The Syrian refugee crisis is widely known as the largest humanitarian displacement crisis in the world. After a violent government crackdown on public demonstrations in 2011, the country descended into a civil war that forced millions of Syrian families to flee their homes. Over 14 million people have been displaced within and outside of Syria since March 2011. The majority of Syrian refugees have sought safety in neighboring countries, with Turkey hosting the largest refugee population by a single country worldwide: over 3 million.

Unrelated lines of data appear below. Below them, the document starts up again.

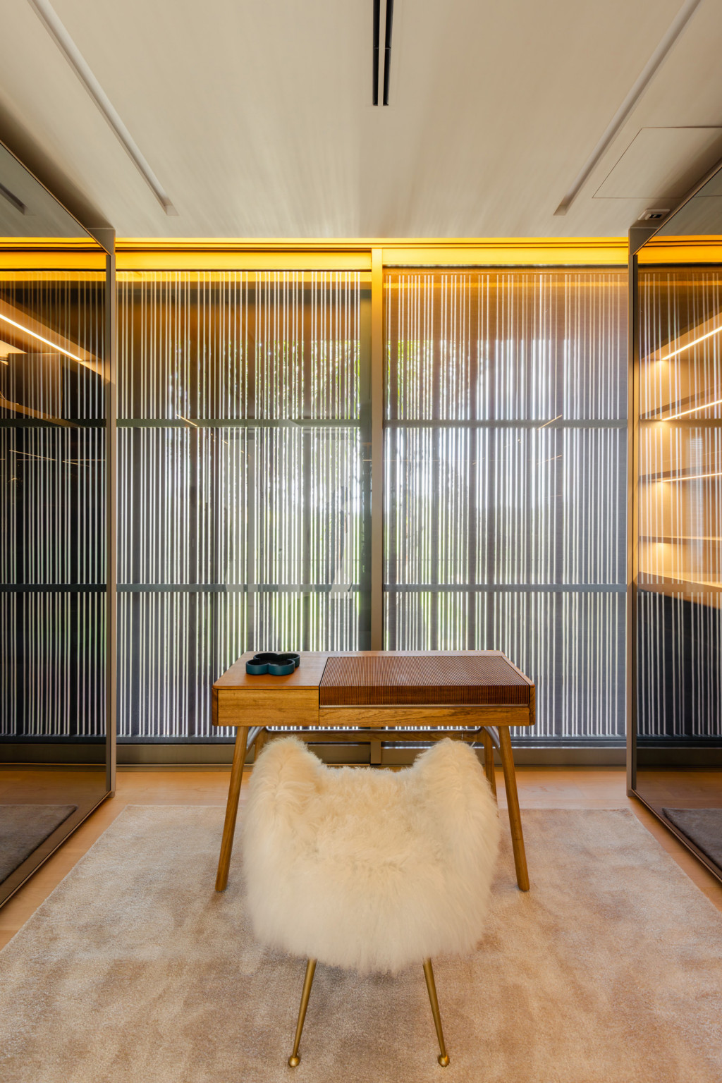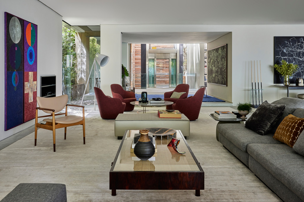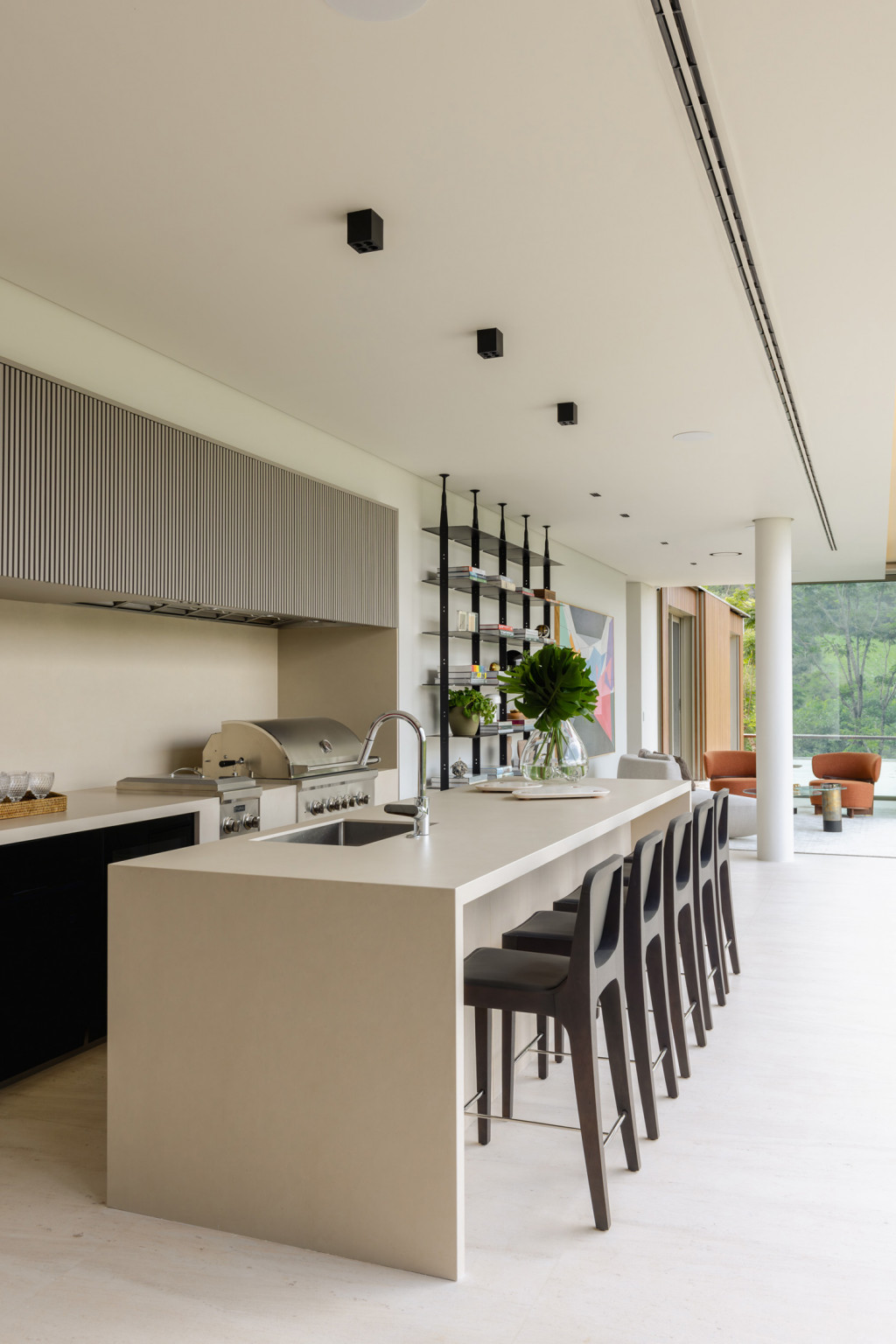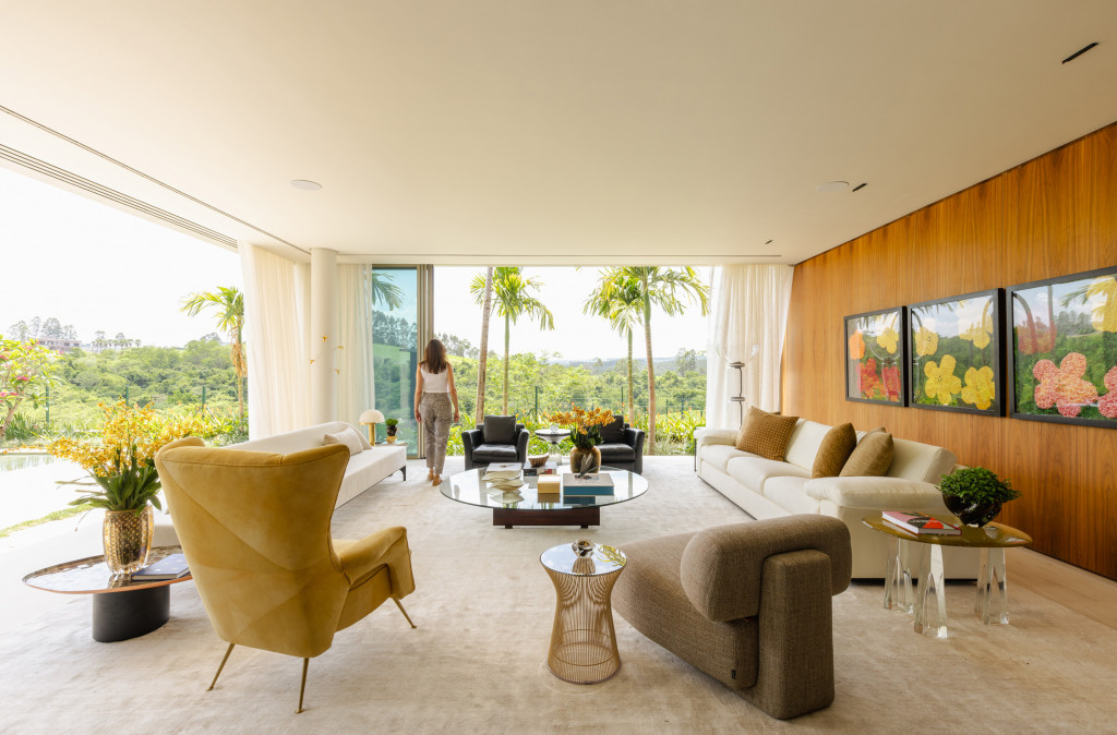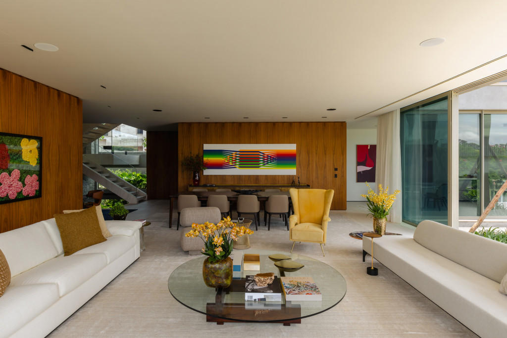 Sofás em tons de bege, banquetas grafite, uma mesa de jantar em pedra branca e uma estante metálica criam uma base harmônica, enquanto poltronas alaranjadas e amarelas conferem vitalidade aos ambientes. Com transparências, texturas e um diálogo contínuo entre arte e natureza, o P559 celebra a integração arquitetônica com a paisagem, tornando ambos os elementos os protagonistas do projeto.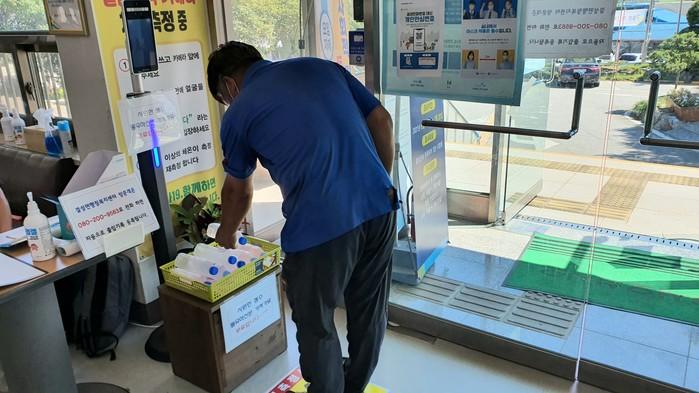 충남 홍성군 결성면은 65세 이상 노인인구의 비율이 53%로 방문 민원인이 대부분 더위에 취약한 노인인 만큼 이들을 위한 맞춤형 행정서비스의 일환으로 폭염극복 얼음생수를 제공하고 있다. 사진은 행정복지센터 출입구에 비치한 얼음생수를 민원인이 이용하고 있는 모습. (사진제공=홍성군청)
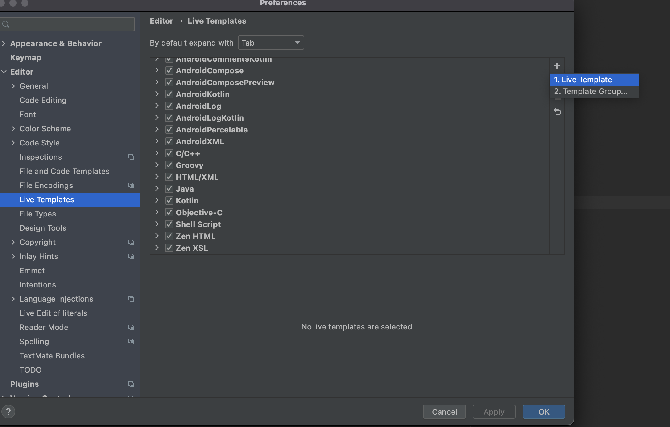 2. ์ฐ์ธก Add๋ฅผ ํด๋ฆญํ์ฌ Live Templates๋ฅผ ํด๋ฆญ ํด์ค๋๋ค.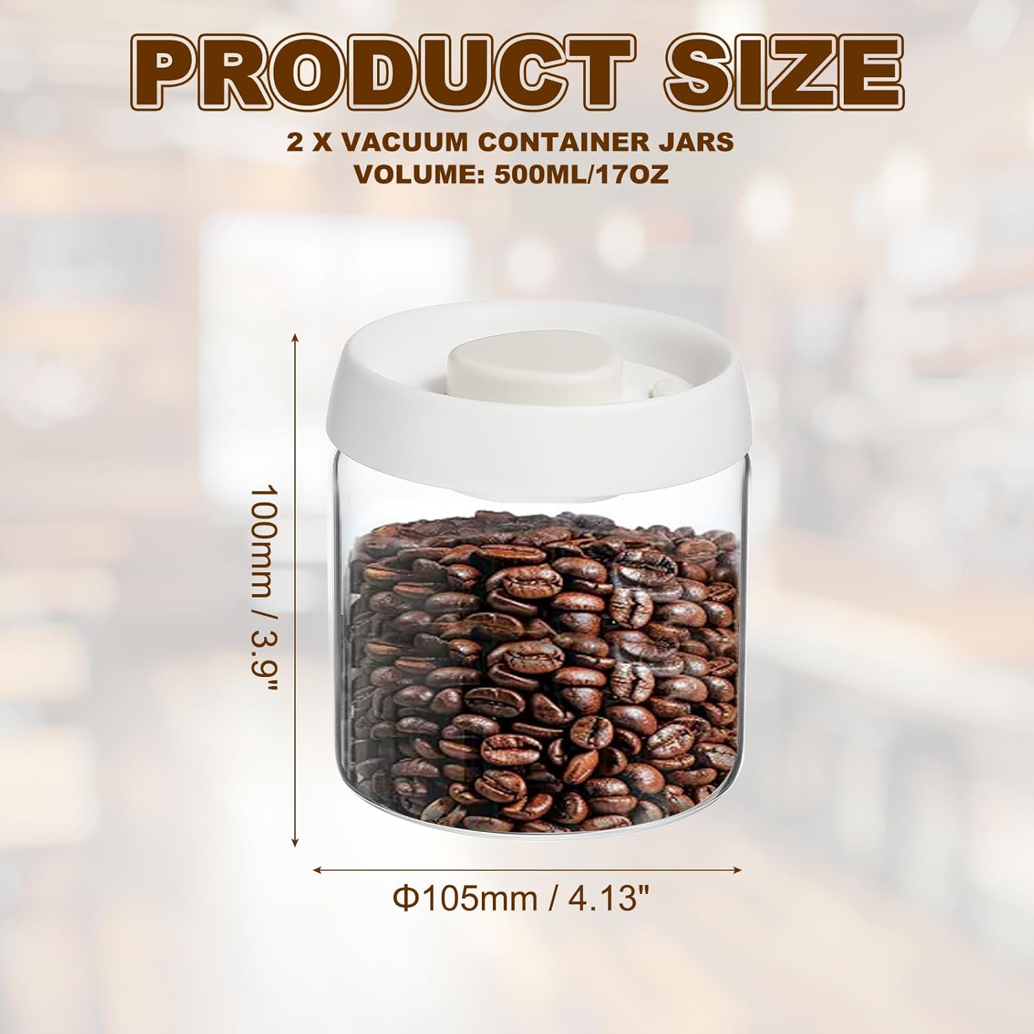 uxcell 2pcs Coffee Vacuum Container, 500ml/17oz Glass Coffee Bean Storage Container with Lids for Spices Biscuits Loose Leaf Tea, White
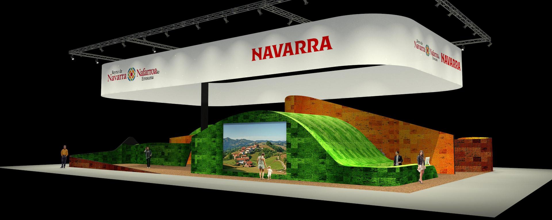 El stand de Navarra estará situado en el pabellón 9 del recinto ferial IFEMA, y presenta una imagen creativa y colorista, que evoca la diversidad de los paisajes forales de norte a sur y de este a oeste. El artífice del diseño es el arquitecto navarro Enrique Kahle Olaso y la empresa constructora será Erakus Arquitectura de Interiores S.A.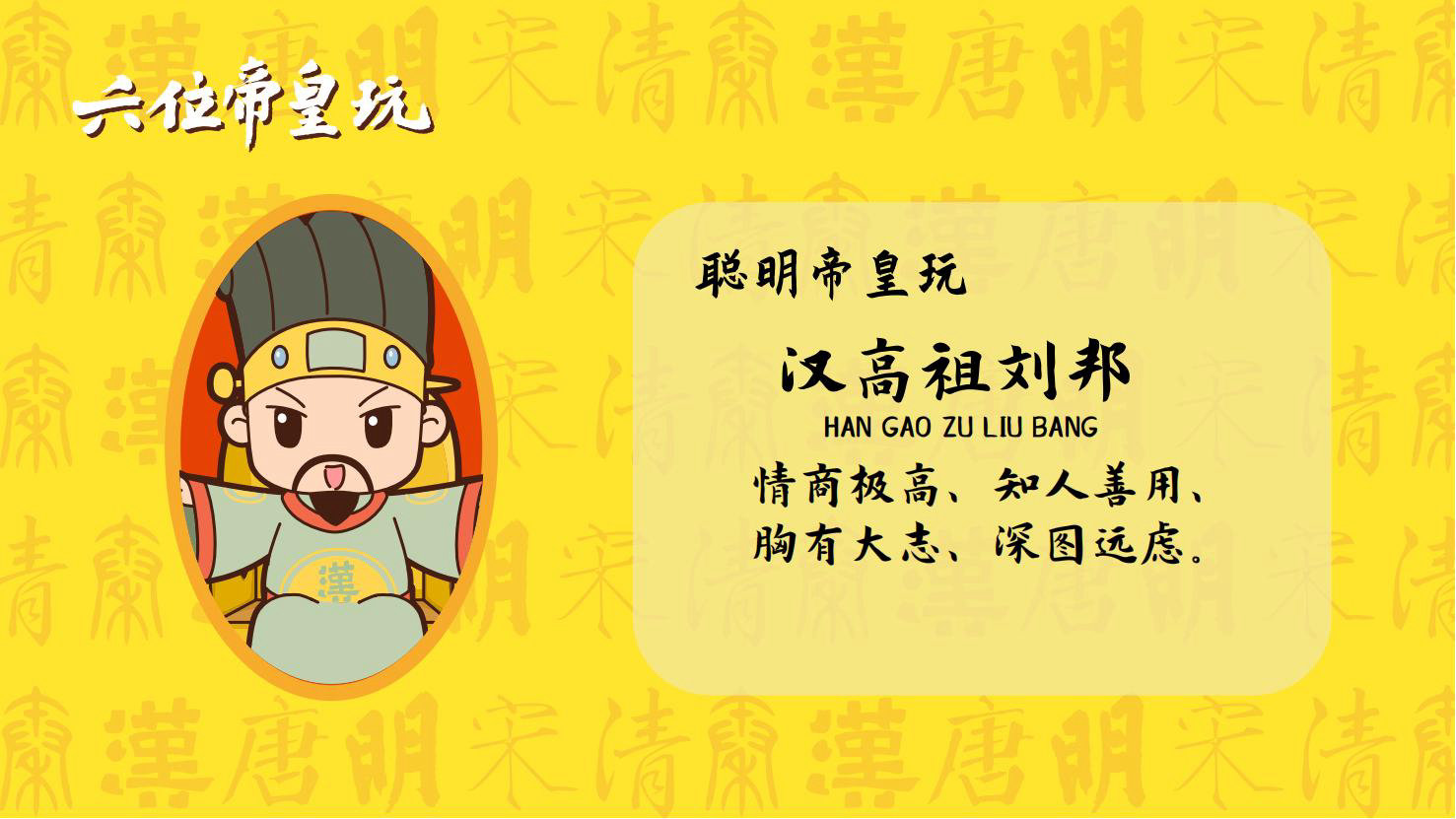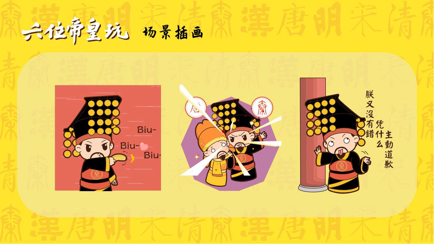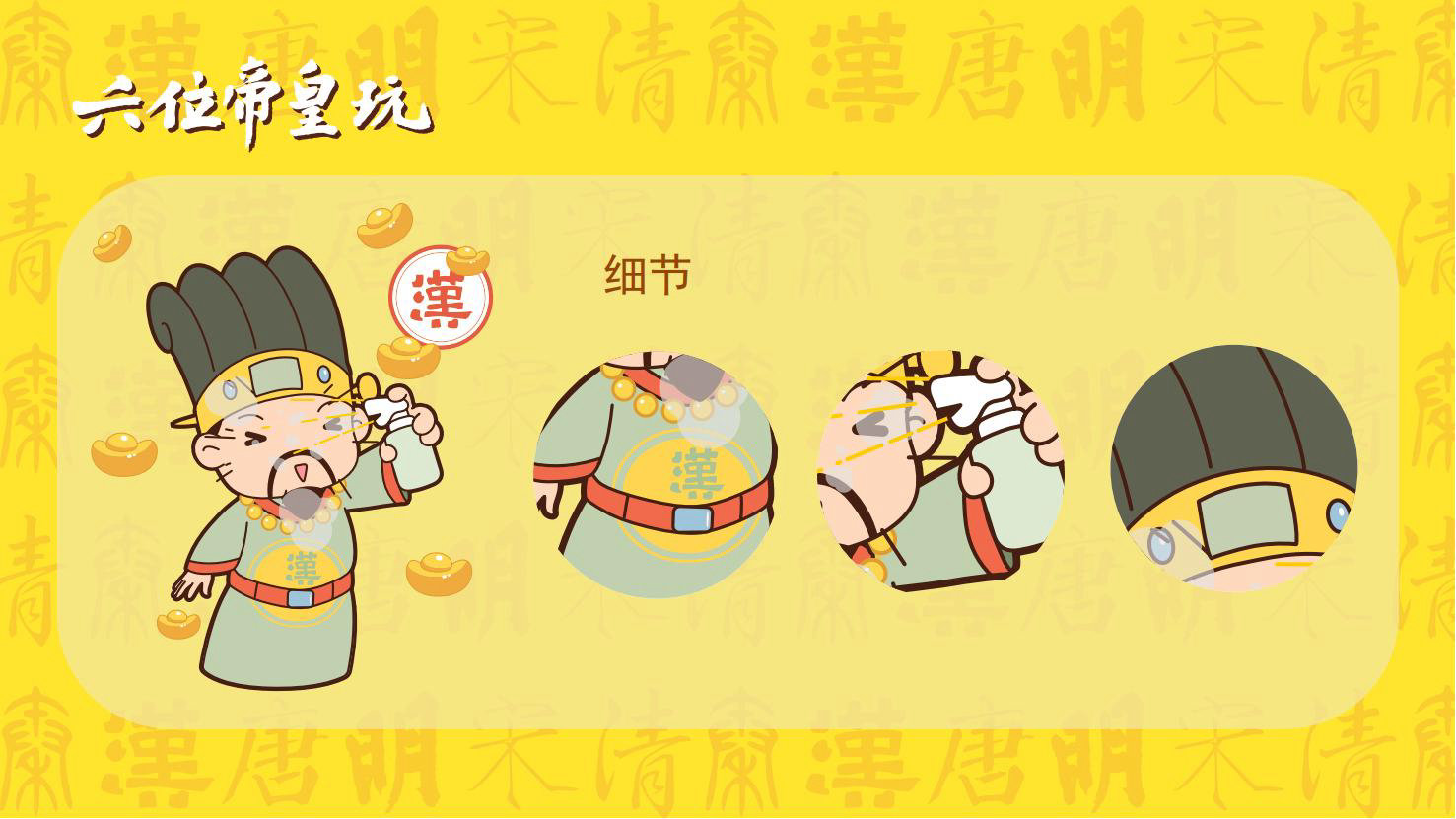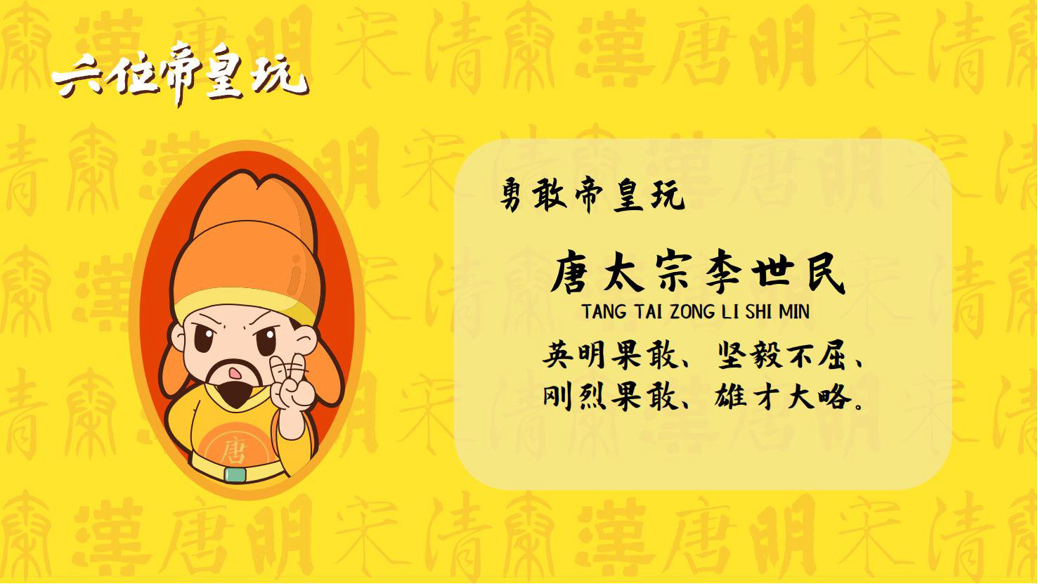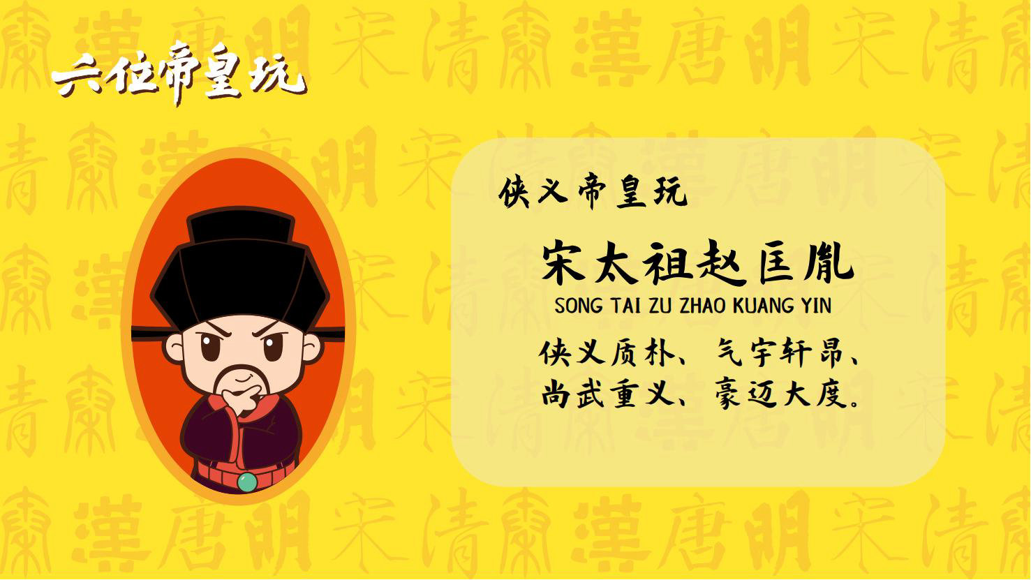 “六位帝皇玩”是卡通潮玩版的秦始皇、汉高祖、唐太宗、宋太祖、明成祖、乾隆爷。通过六位皇帝的历史借力国潮文化,向全球推广中国优秀传统文化。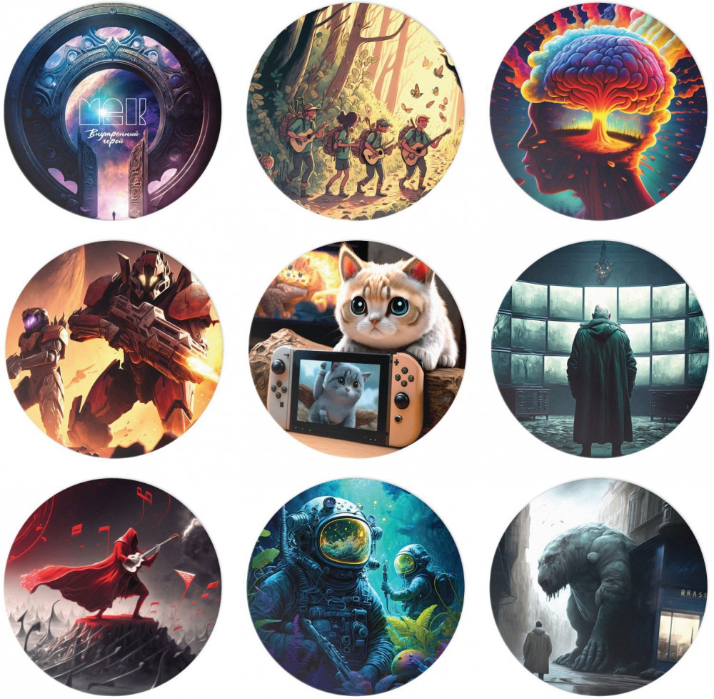 Разнообразная иллюстрация от яркого до моно-глубокого, чувствуется рука ИИ, металлическая упаковка, круглая форма очень удобна

Lebanon has also received a large influx; approximately 1.5 million Syrian refugees live in the country. Hosting this community has placed a burden on Lebanon’s available resources, exposing the inability of Lebanese politicians to provide basic services or jobs to their own citizens. Lebanese leaders have accused Syrian refugees of taking Lebanese jobs, though the World Bank found this claim to be untrue. The social treatment of Syrian refugees in Lebanon has also deteriorated as frustration grows with a financial crisis that started in October 2019 and was exacerbated by Covid and the Port of Beirut explosion in August 2020. In fact, the Spring 2021 Lebanon Economic Monitor found that Lebanon’s financial crisis ranks among the worst economic crises globally since the mid-nineteenth century. Mobs of angry Lebanese citizens have violently attacked Syrians, forcing many refugees to hide in their homes.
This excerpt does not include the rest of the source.